(Problem)
Return exactly the lines from the one containing "산 아랫 자락을 따라가는" through the last line of the records below, both included, and leave out any pictures.

─── Extracted information

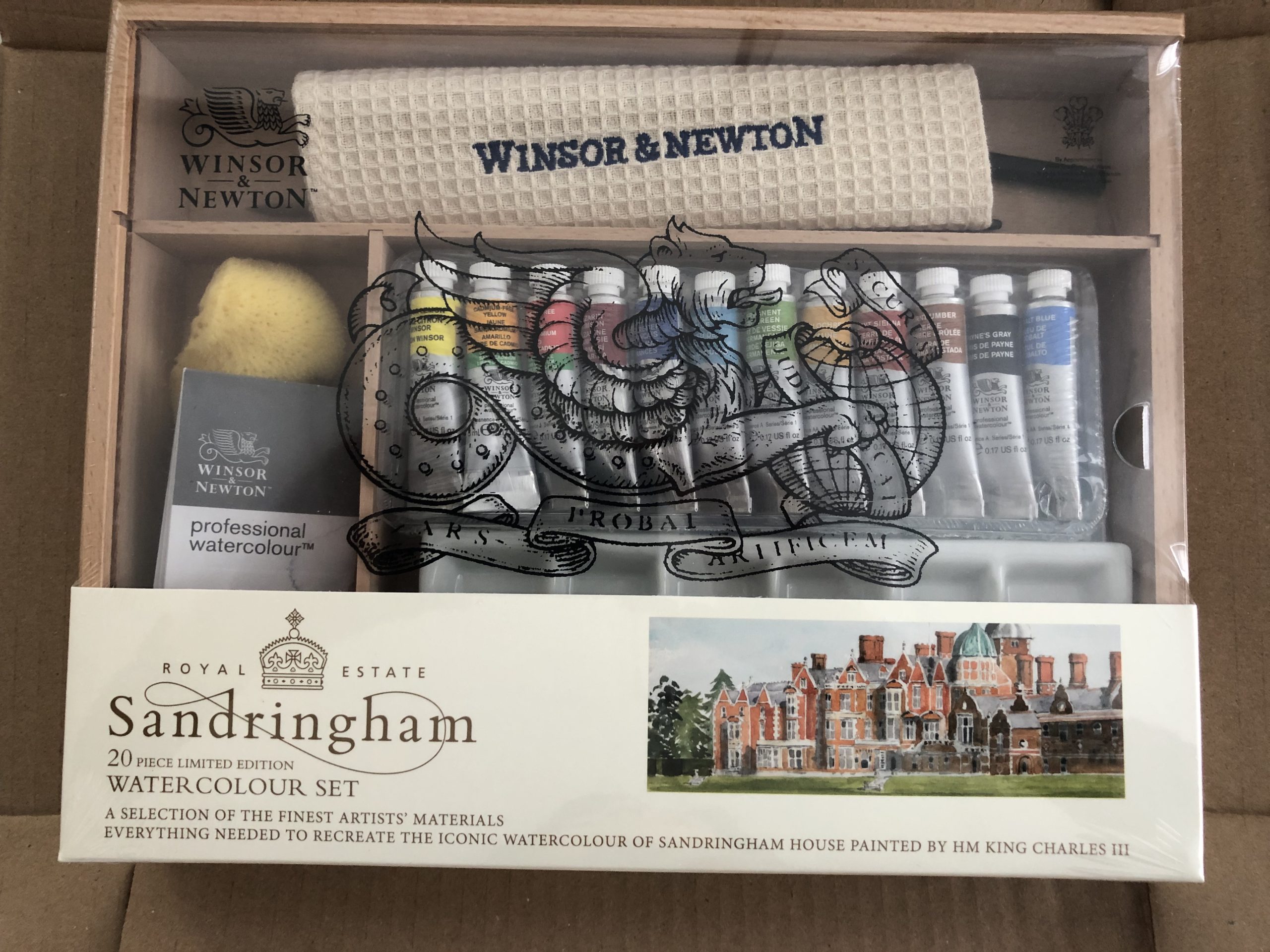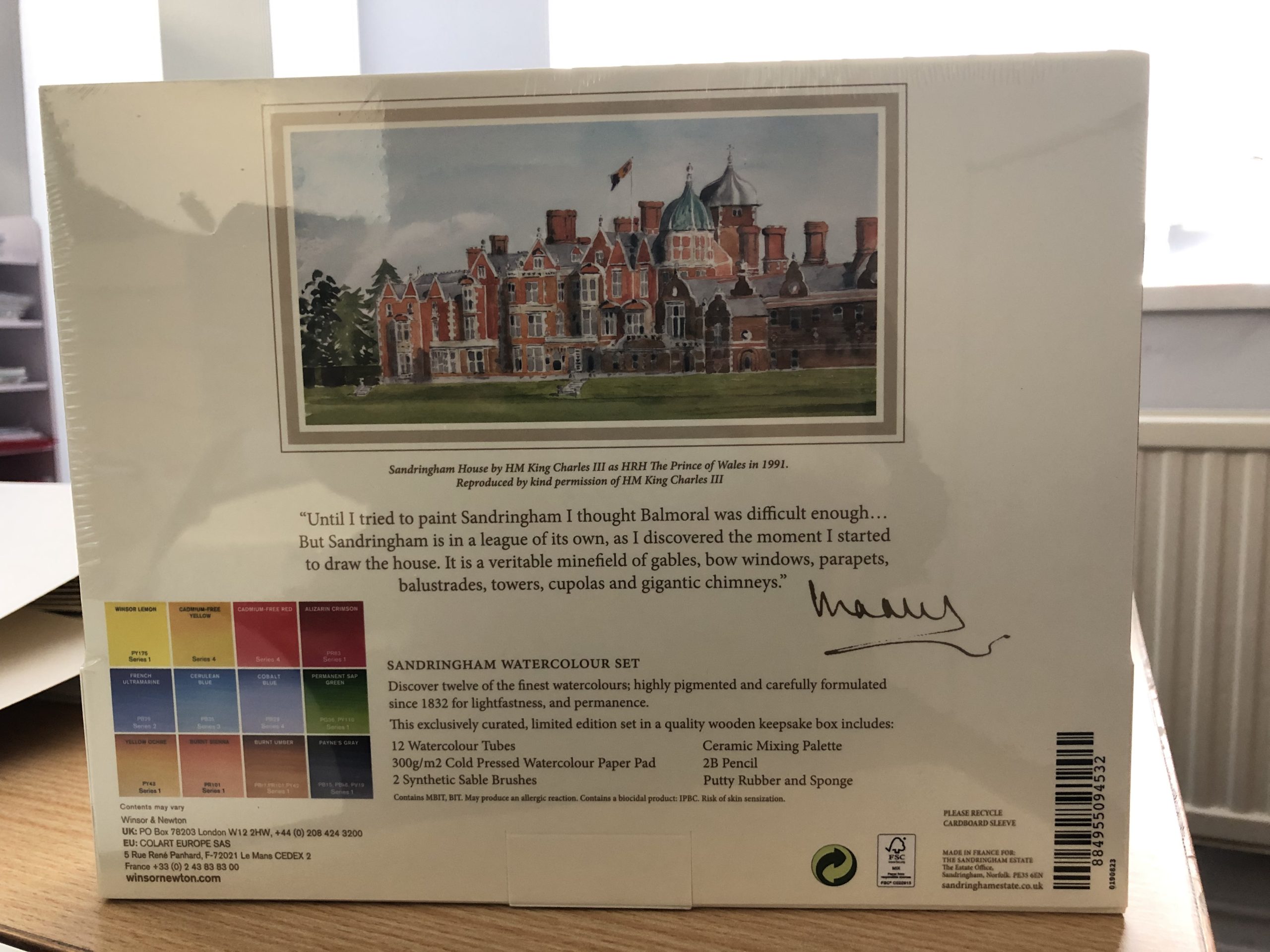 Secondly, celebrating the launch of the Sandringham Set is because of a request from the Sandringham Estate, on behalf of the King, to curate and produce an exclusive, bespoke set of watercolours which could be used to re-create his painting of Sandringham.
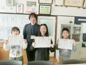 • 今日は3名の児童を表彰しました。みんないい表情で受け取ってくれました。
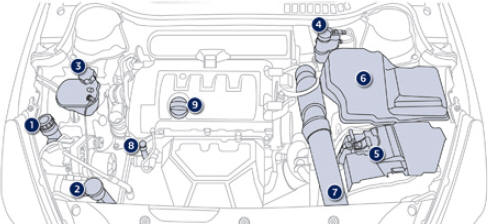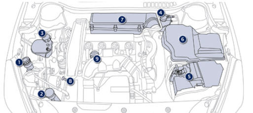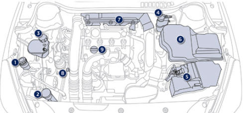Bei Fahrzeugen mit HDi-Motor muss die Kraftstoffanlage entlüftet werden, wenn der Tank komplett leer gefahren wurde; siehe entsprechende Abbildung des Motorraums.
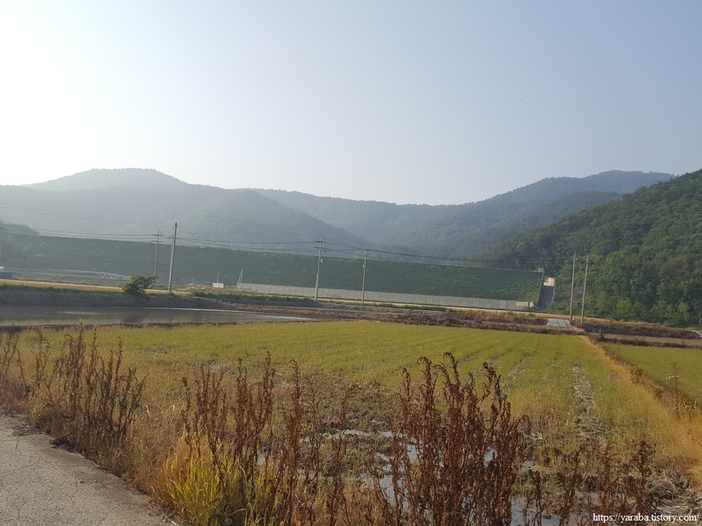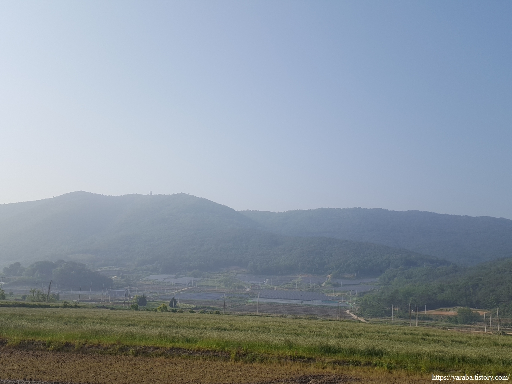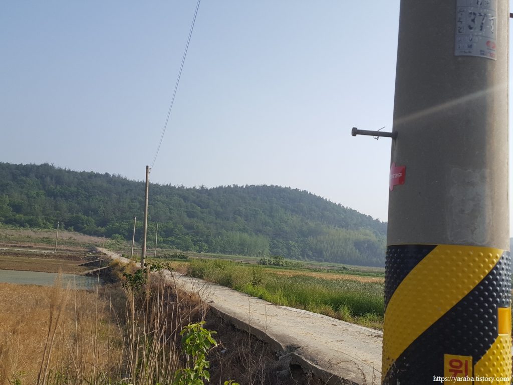 산 아랫 자락을 따라가는 농로에서 바라본 들판 건너편 풍경은 오늘 68코스 여정을 함께 했던 마북산 자락이다. 마북산은 ㄴ자를 옆으로 뒤집어 놓은 형태로 그 서쪽 끝은 오늘의 목적지인 도화까지 이어진다. 산 꼭대기에는 우주센터에 기상 정보를 제공하는 기상관측소도 보인다. 산 중턱으로는 엄청난 태양광 단지가 자리를 잡았다. 남향이니 입지는 좋아 보인다.
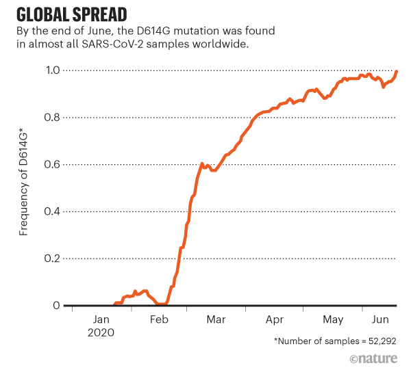 So với HIV, SARS-CoV-2 đang biến đổi chậm hơn nhiều nhưng có một đột biến nổi bật - nó nằm trong gene mã hóa protein gai, giúp các phần tử virus xâm nhập vào tế bào. Korber đã nhìn thấy sự đột biến xuất hiện lặp đi lặp lại trong các mẫu bệnh phậm của bệnh nhân mắc Covid-19. Ở vị trí axit amin thứ 614 của protein tăng đột biến, axit amin aspartate (viết tắt là D) thường xuyên được thay thế bằng glycine (viết tắt bằng G) do lỗi sao chép làm thay đổi một nucleotide trong chuỗi RNA 29,903 ký tự của virus này. Các nhà virus học gọi nó là đột biến D614G.

──────

(Response area)
 산 아랫 자락을 따라가는 농로에서 바라본 들판 건너편 풍경은 오늘 68코스 여정을 함께 했던 마북산 자락이다. 마북산은 ㄴ자를 옆으로 뒤집어 놓은 형태로 그 서쪽 끝은 오늘의 목적지인 도화까지 이어진다. 산 꼭대기에는 우주센터에 기상 정보를 제공하는 기상관측소도 보인다. 산 중턱으로는 엄청난 태양광 단지가 자리를 잡았다. 남향이니 입지는 좋아 보인다.
 So với HIV, SARS-CoV-2 đang biến đổi chậm hơn nhiều nhưng có một đột biến nổi bật - nó nằm trong gene mã hóa protein gai, giúp các phần tử virus xâm nhập vào tế bào. Korber đã nhìn thấy sự đột biến xuất hiện lặp đi lặp lại trong các mẫu bệnh phậm của bệnh nhân mắc Covid-19. Ở vị trí axit amin thứ 614 của protein tăng đột biến, axit amin aspartate (viết tắt là D) thường xuyên được thay thế bằng glycine (viết tắt bằng G) do lỗi sao chép làm thay đổi một nucleotide trong chuỗi RNA 29,903 ký tự của virus này. Các nhà virus học gọi nó là đột biến D614G.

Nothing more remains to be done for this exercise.